Trastorno disociativo de identidad (múltiples personalidades)
Glosario de Salud del Einstein
CIE 10 - F44
CIE 10 - F44
El Trastorno Disociativo de Identidad, tal como está clasificado en el Manual Diagnóstico y Estadístico de los Trastornos Mentales (DSM-V), anteriormente conocido como Trastorno de Personalidades Múltiples, se caracteriza por la presencia de dos o más identidades o estados de personalidad.
Las identidades o estados de personalidad difieren en la forma en que cada uno se presenta. Cada identidad mantiene un “patrón” de percepción, relación y pensamiento.
El fenómeno se caracteriza por un mecanismo inconsciente que implica la segregación de un grupo de procesos mentales o comportamientos del resto de la actividad psíquica de la persona. Así, en este trastorno ocurre una interrupción de una o más funciones mentales, como la memoria, la identidad, la percepción, la conciencia y/o el comportamiento motor, por ejemplo.
Los datos sobre la incidencia son escasos. Sin embargo, los estudios muestran un patrón de cinco mujeres por cada hombre y/o nueve mujeres por cada hombre diagnosticado con el trastorno.

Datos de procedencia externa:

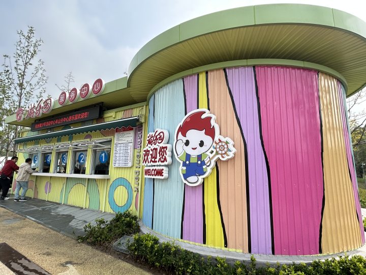 游乐园位于杭钢公园的东南角,站在半山路和炼铁街的路口,一眼就能看到这片五颜六色的童话世界。
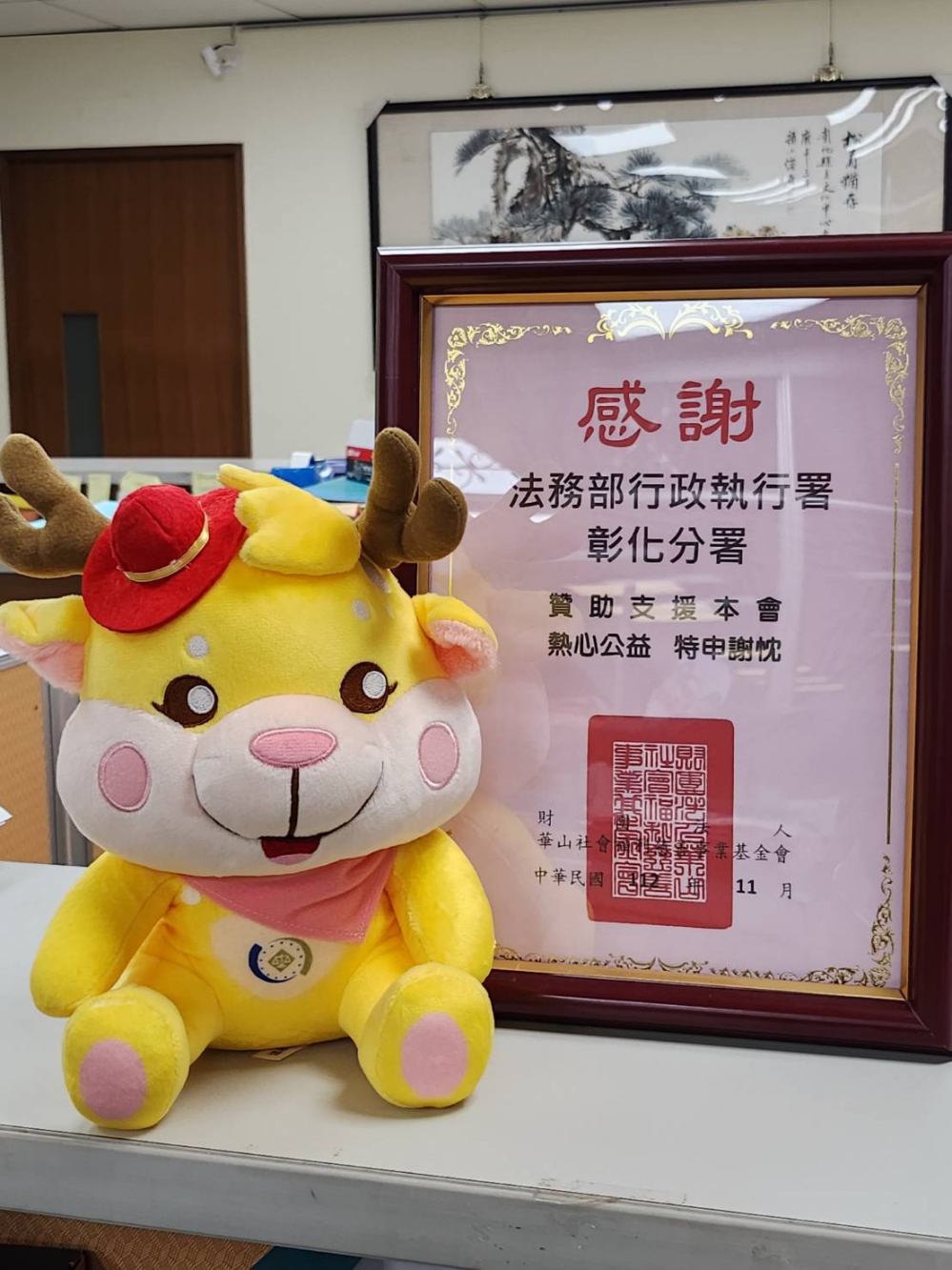 分署發言人江佳蓉指出,在熱情鄉親和分署鼓吹下,義賣得款1萬餘元,今日由法務部行政執行署長黃玉垣和彰化分署長郭景銘代表彰化分署,贈給華山基金會彰化愛心天使站,將作為弱勢長輩年菜之用,表達團圓和暖暖心意,讓彰化分署義賣開啟「愛的循環」。
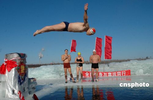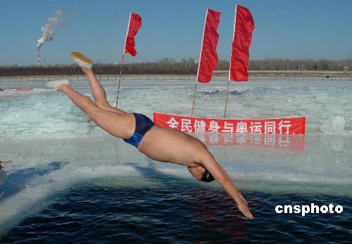 2月7日,黑龍江黑河市冬泳俱樂部與俄羅斯布拉戈維申斯克市冬泳俱樂部的30多名隊員,在黑河市中俄界江冒著零下30度的嚴寒,以冬泳方式歡度新春佳節(jié)。中新社發(fā) 邱齊龍 攝
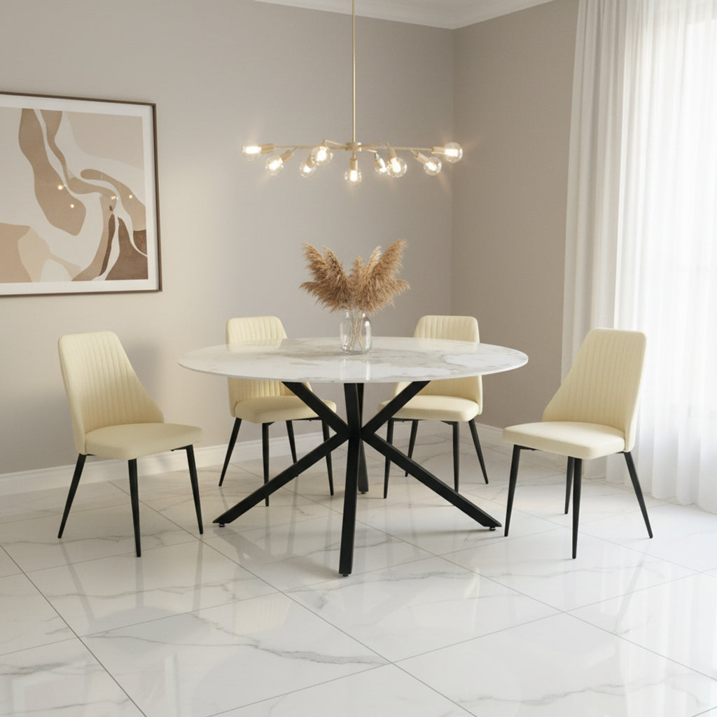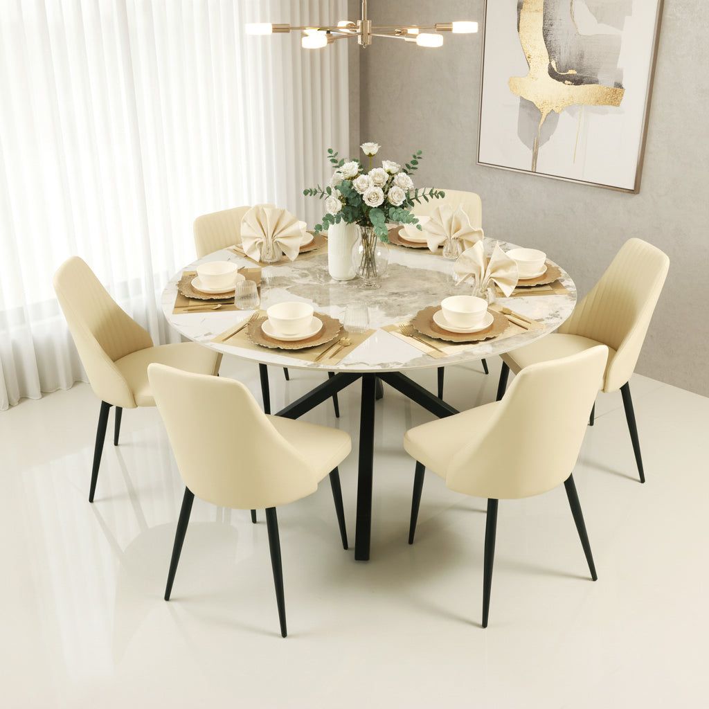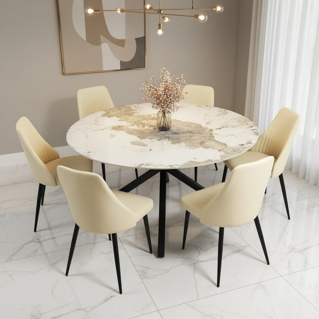 The table features an elegant round cream marble top, providing a luxurious touch and a durable surface for your dining needs.

El trastorno puede estar relacionado con experiencias traumáticas en la infancia, siendo el maltrato la principal causa. Entre los adultos diagnosticados con la enfermedad, alrededor del 95% reportan traumas en la infancia. También existe la posibilidad de abusos físicos y sexuales como causas del trastorno; los relatos entre los pacientes son frecuentes. No hay evidencia de factores genéticos en su origen (hasta el momento).
Presencia de dos o más estados distintos de personalidad. Sin embargo, también están presentes otros síntomas, como evitación (inhibición social, sentimiento de inferioridad, inadecuación, etc.), embotamiento, síntomas somáticos y de conversión, estado de ánimo depresivo, inestabilidad emocional, síntomas obsesivo-compulsivos.
Niños y adolescentes pueden manifestar los mismos síntomas, con diferencias relacionadas con la edad y el estilo de vida. Muchas veces, solo con el relato de adultos cercanos es posible identificar el trastorno.
El enfoque principal es la psicoterapia, incluida la terapia cognitivo-conductual. El uso de medicación (fármacos serotoninérgicos) puede ser importante para el manejo de los síntomas depresivos y la estabilización del estado de ánimo. Los estudios también revelan la importancia de las terapias familiares, grupales y ocupacionales.
El pronóstico es desfavorable entre los pacientes no tratados. Suelen evolucionar y verse involucrados en situaciones de violencia, conductas antisociales y, en los casos más graves, suicidio.